Die Außenaufnahmen vor Ort, der verhältnismäßig seltene, hier hervorstechende japanische Bezug in einem HK-Film, die zusätzliche Rarität dieses Projektes hier (nicht so selten wie To's It's No Heaven oder Betrayal, jeweils ebenso mit Cheng in der Hauptrolle, aber immerhin) und ein allgemein verständlicher Ausgangspunkt, die Suche und Jagd nach dem Flüchtigen stellen dabei die nötigen ersten Anhaltspunkte für eine Aufmerksamkeit des Zuschauers her. Ein Lost in Translation im Crime und im Polizeifilm, indem auf der Suche nach dem Üblen der Schaufensterbummel veranstaltet und mit dem ortskundigen, aber fachfremden Führer an der Seite durch die Lokalitäten wie Badehaus (für Frauen verboten), Stripclub (auch für Frauen verboten, bzw. nicht unbedingt geeignet für eine Dame, muss man sich doch dort dem Groping der jaulenden Meute erwehren) oder einem Straßenkonzert bewegt und so fleißig durch Mensch und Masse(n) gelaufen; bis man dann doch den Verbrecher aufspürt und mit einem gezielten Schuss ins Bein dann stellt. Die Handlung hört damit nicht etwa auf, sondern fängt erneut und ganz anders und dann in HK auch wieder an, wobei anfangs teils dazwischen gestreuter Kasperlekram nun einer Hauruck-Emotionalität und entsprechender Dramatik weicht und man einer Art Action-Romance-Drama frönt.

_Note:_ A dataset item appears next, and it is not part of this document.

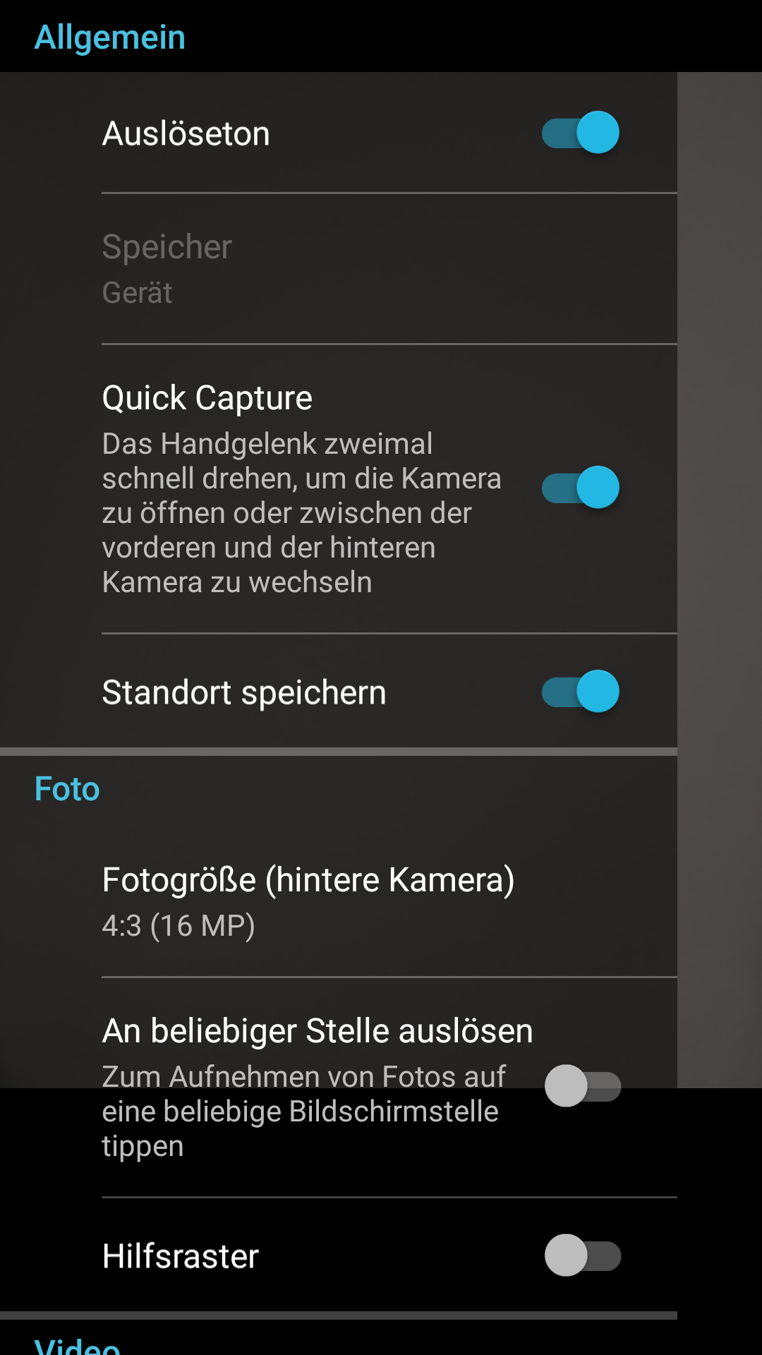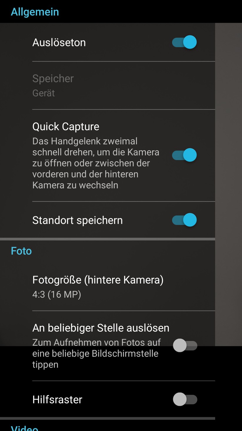 Die Software zum Knipsen zeigt sich auf das Nötigste reduziert. Zwar gibt es auch einen Profimodus mit Einstellungsmöglichkeiten für ISO, Weißabgleich und Co., ansonsten jedoch keinerlei Filter, nur HDR. Superpraktisch ist die Möglichkeit die Kamera mit einer schnellen Drehbewegung zu starten. Auf dieselbe Art und Weise wird bei geöffneter Kamera zwischen den beiden Linsen umgeschaltet.

Dass man das Hauptaugenmerk von Betty Mak im Erstling und den dort auf sie gerichteten Scheinwerfer hier wegnimmt und teilweise komplett woanders hin verlegt, ist dabei durchaus eine interessante Form der Herangehensweise für eine Fortsetzung; ihre dortige Partnerin (eher Assistentin) Fiona Leung bekommt hier den ersten Teil der Geschichte scheinbar vollständig autark und dies auch als erwachsenere, selbständigere Person als dort gereicht, bis sich auch da kurz vor dem Ende des ersten Drittels die Handlung um Mark Cheng als a) eine Zufallsbekanntschaft und b) dann Hauptscherge in dem Yakuzaplot als das wichtigste Element und Leung in ihrem überbordenden Spiel auch wieder als etwas anstrengend bis nervig erweist. Nach etwas Trödelei in den Straßen der Stadt und ihrer Umgebung und etwas angedeuteter Liebelei inklusive Partnerlook geht es dann auch weiter mit dem Gangster-Hickhack, buchstäblich sogar, wird doch in einem Restaurant ein Massaker mit gezückten Kurzschwertern veranstaltet und die japanische Blutwurst auf das Abendmenü und als Hauptgang mit vielen Opfern gesetzt. Körperlicher als der viele Schusswaffeneinsatz in der Eins sind auch die folgenden Scharmützel, ein Nahkampf auf einem Bambusgerüst, von dem man anschließend auch abstürzt und das nachdem, man erst einmal von einer Häuserwand zur anderen springen musste, um überhaupt in die Nähe des Gegenübers zu gelangen. Anschließend folgt noch eine Rauferei auf einem nächtlichen Baugelände, ein Schwertkampf an einer Bootsanlegestelle und ein Duell Schusswaffe gegen den gezückten Säbel im engen Treppenhaus, wobei Frau Leung als auserkorenes Opfer eines rachsüchtigen Gweilo-Psychopathen auch einen kleineren Feuerstunt absolvieren muss und zumindest dies mit Bravour erledigt.